Problem: Excluding pictures, transcribe precisely the lines from the one containing "Selain itu, anak-anak" to the final line of the listing below, inclusive, and nothing more.

Data provided:
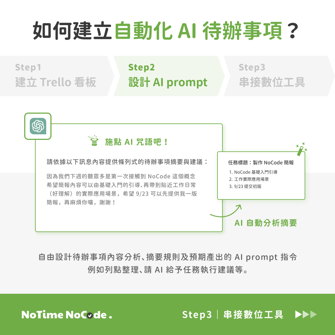 在這個步驟中,我們的目標是設計 AI 指令,讓 ChatGPT 能夠處理存儲在 Slack 的訊息內容,將其轉換為待辦事項並提供相關執行建議。
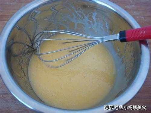 步驟一:準備一個乾淨的,並且大一點的盆,然後在盆中倒入打入1個雞蛋,接著在雞蛋中倒入110g的玉米油,然後先別急著攪拌,先加上120g的綿白糖。然後就可以開始攪拌了,將這三樣食材快速的攪拌均勻。
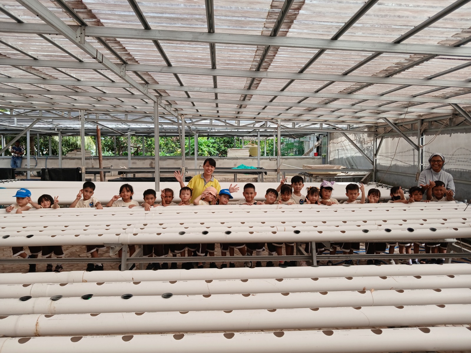 Selain itu, anak-anak juga diperkenalkan dengan tanaman hidroponik. Mereka belajar bahwa tanaman dapat tumbuh tanpa tanah, mengenal proses menanam, serta memahami pentingnya menjaga lingkungan dan ketahanan pangan sejak dini. Pendampingan dari guru dilakukan dengan metode tanya jawab sederhana agar anak-anak dapat aktif dan berani mengungkapkan rasa ingin tahunya.
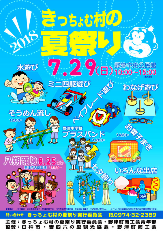 きっちょむ村の夏まつり【7月下旬】 きっちょむ村の夏まつり 毎年7月下旬「きっちょむ村の夏まつり」が野津中央公民館にて開催されます。 ※そうめん流しなどのいろいろな楽しい催しや出店があります。 ※雨天決行 今年の「きっちょむ村の夏まつり」についての情報は「うすきイベント!」を御覧ください。 [blogcard url=”https://usuki.xyz/kicchomu-summer/”]
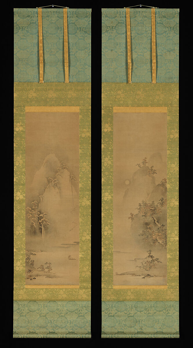 - Medium: Diptych of hanging scrolls; ink and color on paper
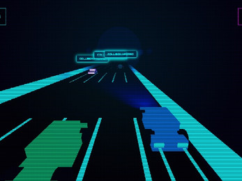 Atom Highway is a three-dimensional arcade game with an endless road in cyberpunk style. The player controls a quantum vehicle and must avoid obstacles. Blue spheres provide temporary speed boosts and increase movement speed. Warnings appear above obstacles during the first seconds of play. The goal is to survive as long as possible and accumulate points. Movement speed gradually increases over time. The game ends upon colliding with an obstacle.
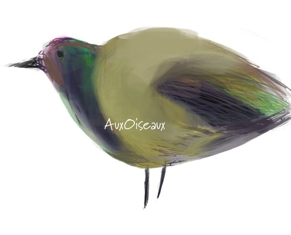 Oiseau Mauve Vert Jaune Kaki Crayon Peinture Dessin Etsy
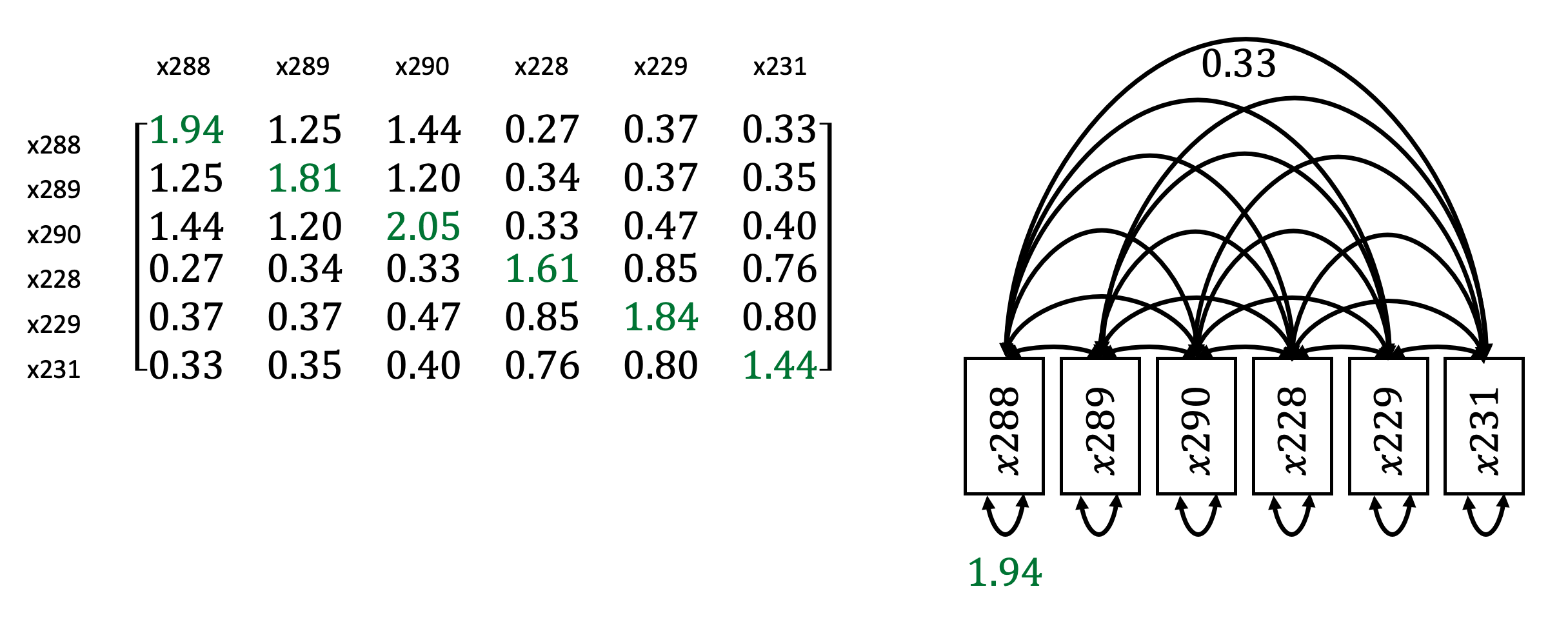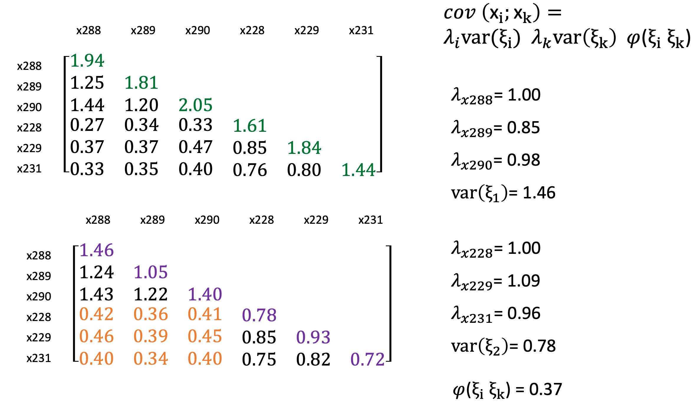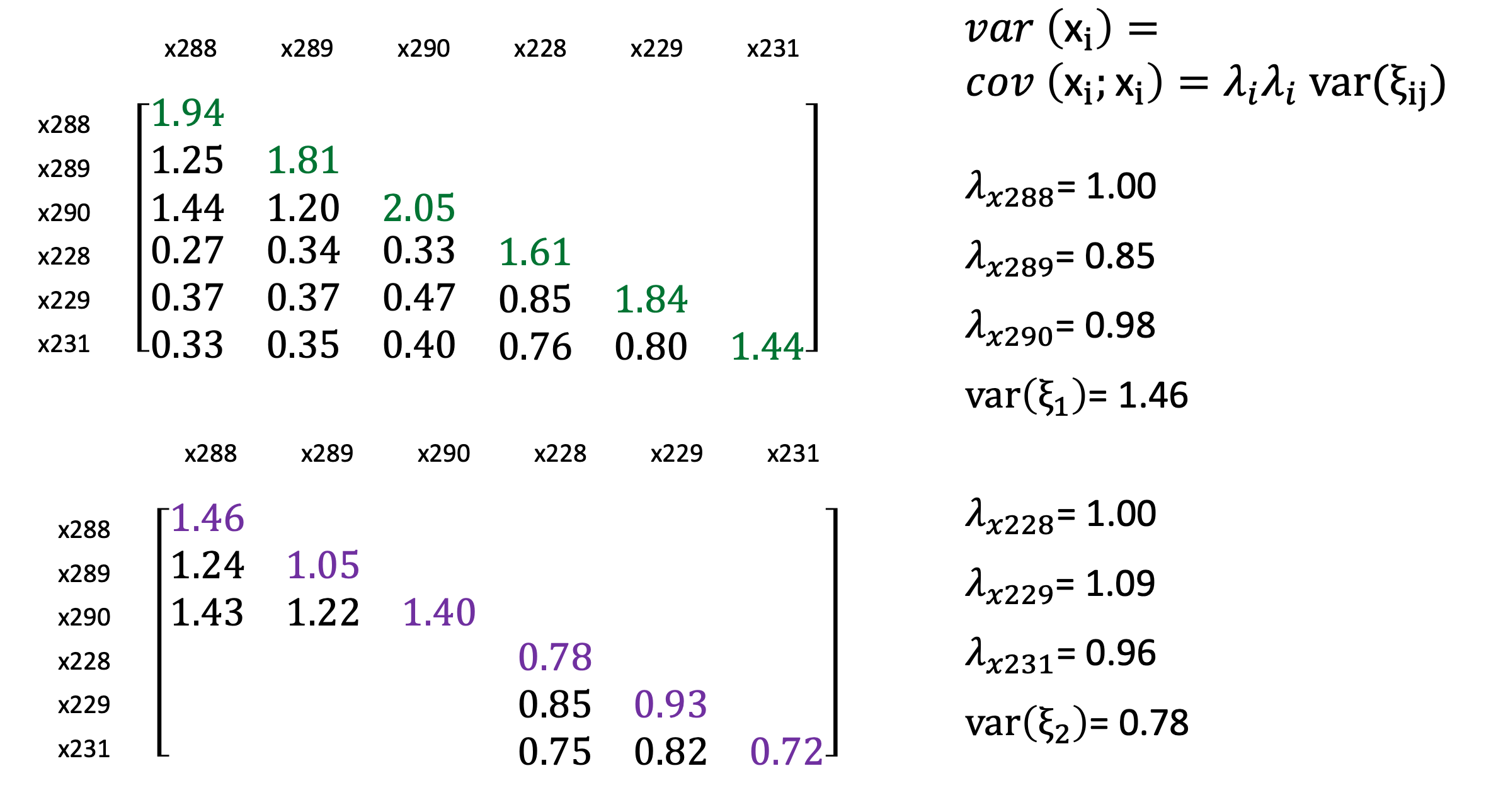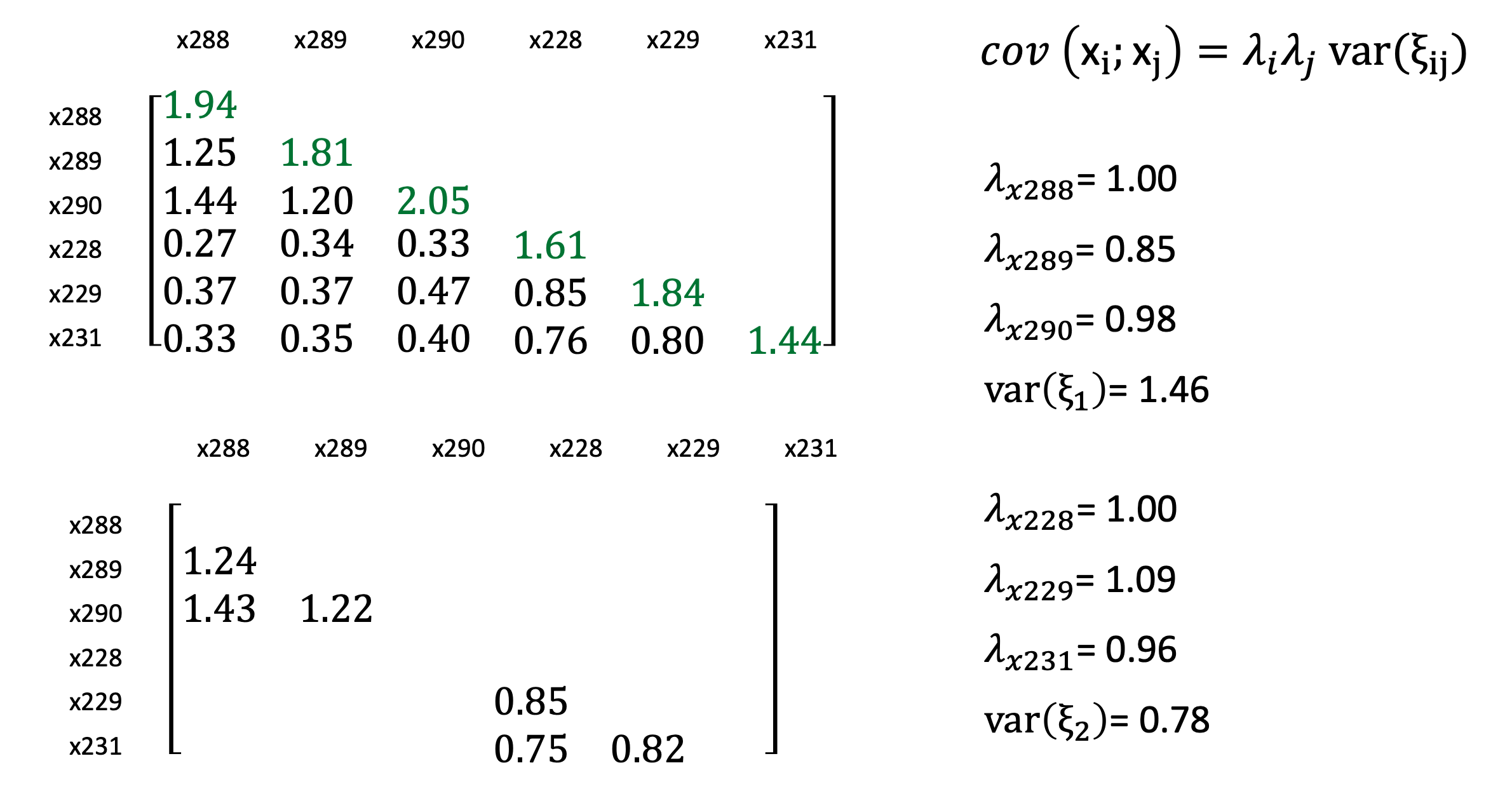 Dieses Beispiel zeigt die empische Kovarianzmatrix der manifesten Indikatoren der latenten exogenen Variablen, wie wir sie schon betrachtet hatten. Die Diagonale spiegelt die Kovarianzen der Indikatoren, da die cov (x288, x289) gleich der cov (x289, x288) ist.

Expected answer:
 Selain itu, anak-anak juga diperkenalkan dengan tanaman hidroponik. Mereka belajar bahwa tanaman dapat tumbuh tanpa tanah, mengenal proses menanam, serta memahami pentingnya menjaga lingkungan dan ketahanan pangan sejak dini. Pendampingan dari guru dilakukan dengan metode tanya jawab sederhana agar anak-anak dapat aktif dan berani mengungkapkan rasa ingin tahunya.
 きっちょむ村の夏まつり【7月下旬】 きっちょむ村の夏まつり 毎年7月下旬「きっちょむ村の夏まつり」が野津中央公民館にて開催されます。 ※そうめん流しなどのいろいろな楽しい催しや出店があります。 ※雨天決行 今年の「きっちょむ村の夏まつり」についての情報は「うすきイベント!」を御覧ください。 [blogcard url=”https://usuki.xyz/kicchomu-summer/”]
 - Medium: Diptych of hanging scrolls; ink and color on paper
 Atom Highway is a three-dimensional arcade game with an endless road in cyberpunk style. The player controls a quantum vehicle and must avoid obstacles. Blue spheres provide temporary speed boosts and increase movement speed. Warnings appear above obstacles during the first seconds of play. The goal is to survive as long as possible and accumulate points. Movement speed gradually increases over time. The game ends upon colliding with an obstacle.
 Oiseau Mauve Vert Jaune Kaki Crayon Peinture Dessin Etsy
 Dieses Beispiel zeigt die empische Kovarianzmatrix der manifesten Indikatoren der latenten exogenen Variablen, wie wir sie schon betrachtet hatten. Die Diagonale spiegelt die Kovarianzen der Indikatoren, da die cov (x288, x289) gleich der cov (x289, x288) ist.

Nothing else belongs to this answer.